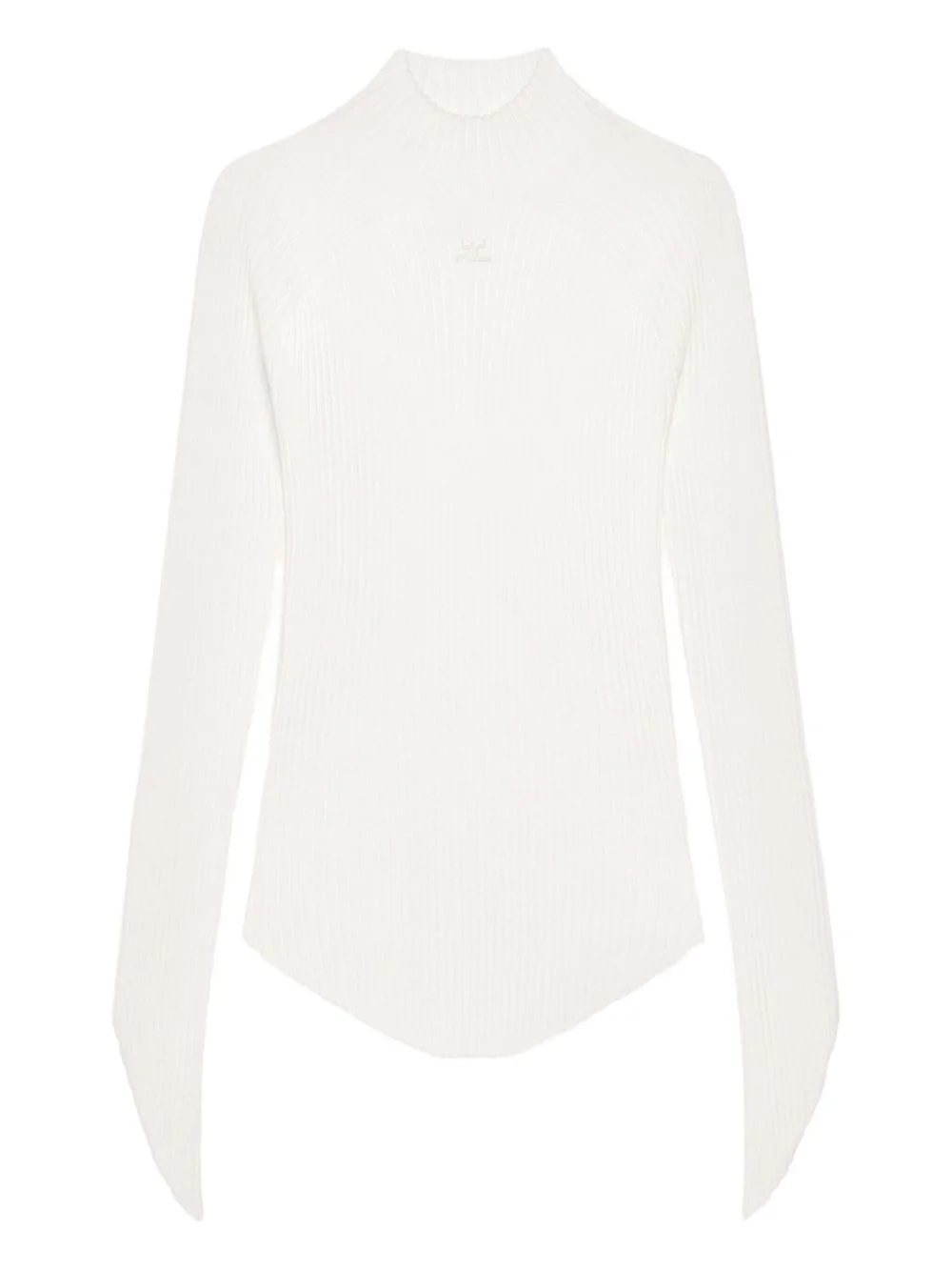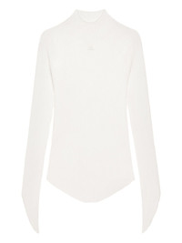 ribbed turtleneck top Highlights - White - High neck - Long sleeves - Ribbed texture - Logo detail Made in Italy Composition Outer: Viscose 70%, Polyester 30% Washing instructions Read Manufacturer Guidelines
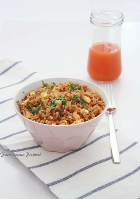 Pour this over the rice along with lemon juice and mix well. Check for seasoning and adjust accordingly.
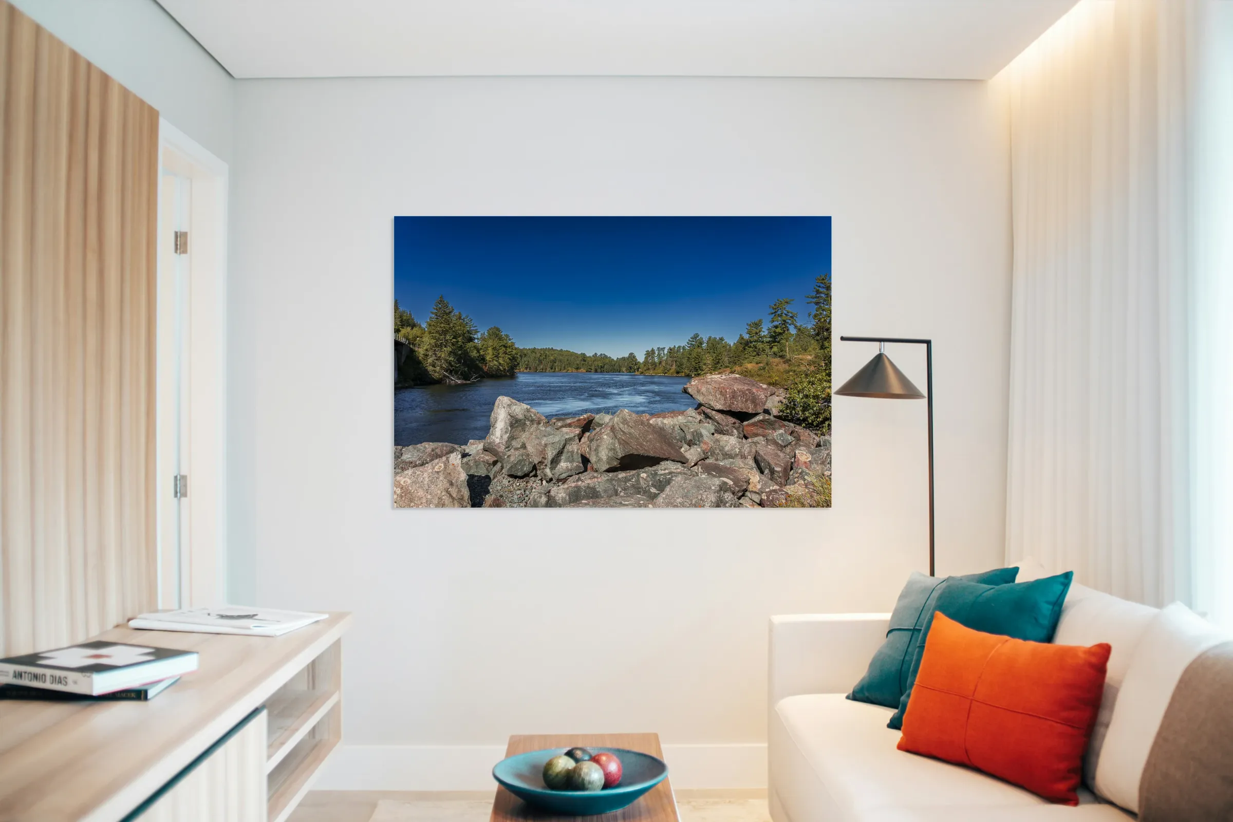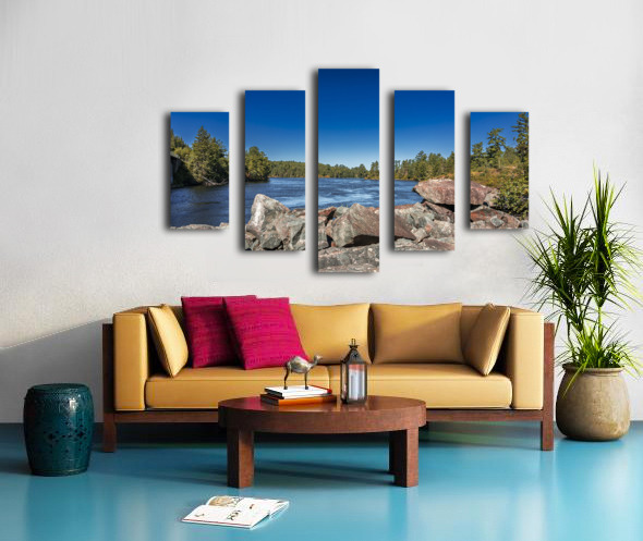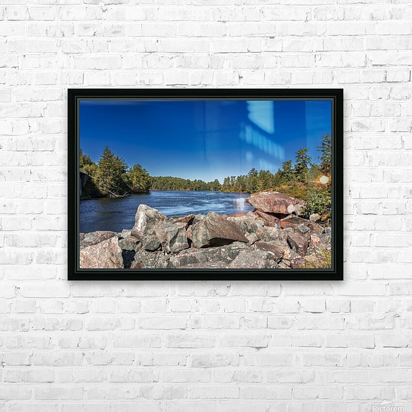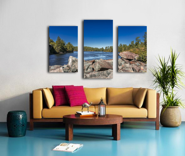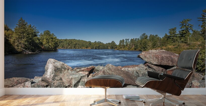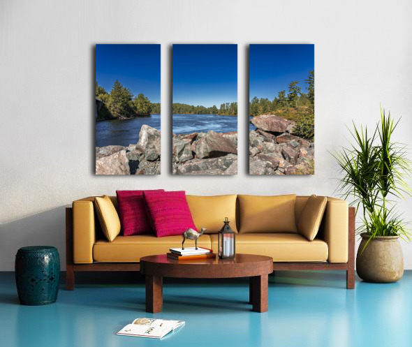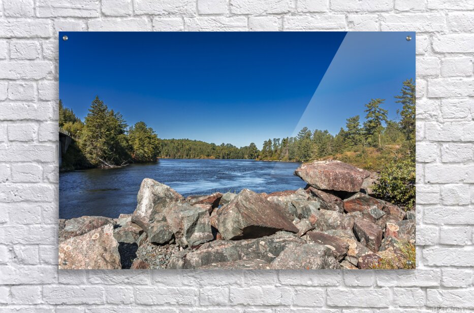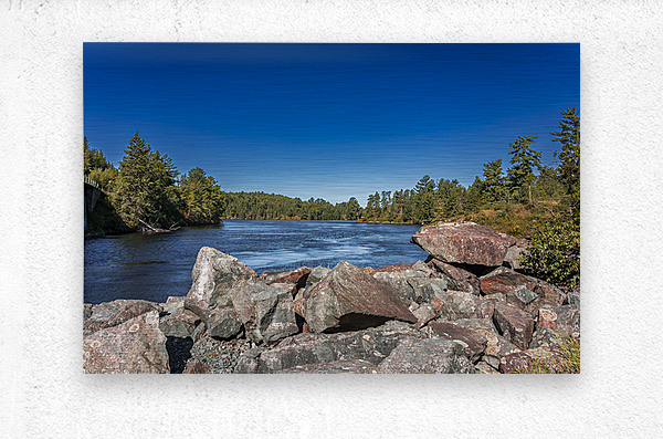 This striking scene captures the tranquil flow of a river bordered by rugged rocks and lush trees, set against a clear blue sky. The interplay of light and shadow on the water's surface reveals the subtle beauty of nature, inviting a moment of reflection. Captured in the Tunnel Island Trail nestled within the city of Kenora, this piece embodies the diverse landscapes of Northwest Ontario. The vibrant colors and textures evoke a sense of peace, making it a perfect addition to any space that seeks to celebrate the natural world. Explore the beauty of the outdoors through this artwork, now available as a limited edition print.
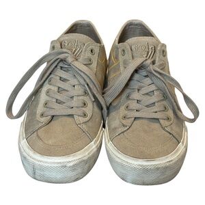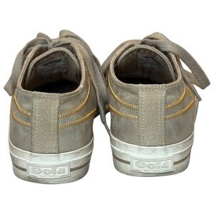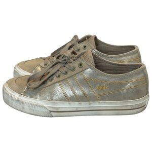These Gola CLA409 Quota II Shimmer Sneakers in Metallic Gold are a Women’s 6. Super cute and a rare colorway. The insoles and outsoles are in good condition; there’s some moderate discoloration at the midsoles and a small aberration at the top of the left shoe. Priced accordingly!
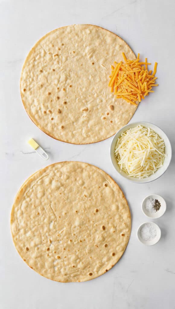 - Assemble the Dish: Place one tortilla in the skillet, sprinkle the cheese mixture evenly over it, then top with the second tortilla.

--

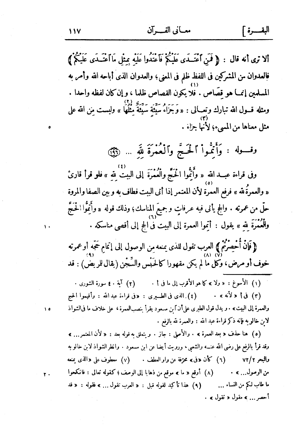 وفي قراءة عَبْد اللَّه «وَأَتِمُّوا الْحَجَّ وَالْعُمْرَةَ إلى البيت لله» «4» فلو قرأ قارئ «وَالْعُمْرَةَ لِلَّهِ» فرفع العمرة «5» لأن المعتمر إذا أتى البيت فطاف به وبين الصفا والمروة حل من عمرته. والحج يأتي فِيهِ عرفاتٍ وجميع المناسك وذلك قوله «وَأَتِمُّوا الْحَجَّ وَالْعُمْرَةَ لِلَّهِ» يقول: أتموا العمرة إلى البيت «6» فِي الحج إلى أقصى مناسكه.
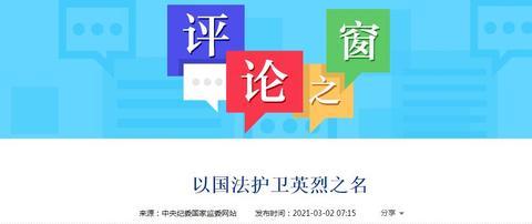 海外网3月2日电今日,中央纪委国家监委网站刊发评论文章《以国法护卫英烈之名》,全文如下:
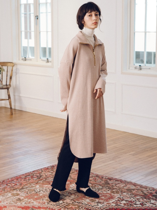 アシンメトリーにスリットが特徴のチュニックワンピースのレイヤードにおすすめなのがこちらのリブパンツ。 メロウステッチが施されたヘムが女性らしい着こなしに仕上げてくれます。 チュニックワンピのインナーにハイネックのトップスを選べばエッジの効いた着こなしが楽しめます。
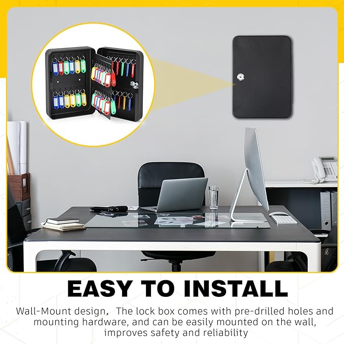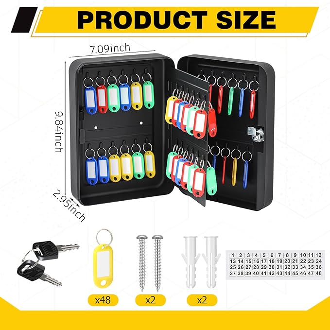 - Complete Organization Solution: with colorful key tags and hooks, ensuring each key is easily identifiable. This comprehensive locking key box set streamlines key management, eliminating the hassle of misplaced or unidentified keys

→ **Assigned task**
The answer must be the lines above from the one containing "ribbed turtleneck top" through the one containing "Pour this over", reproduced exactly, with no pictures and nothing else.

→ **Response below**
 ribbed turtleneck top Highlights - White - High neck - Long sleeves - Ribbed texture - Logo detail Made in Italy Composition Outer: Viscose 70%, Polyester 30% Washing instructions Read Manufacturer Guidelines
 Pour this over the rice along with lemon juice and mix well. Check for seasoning and adjust accordingly.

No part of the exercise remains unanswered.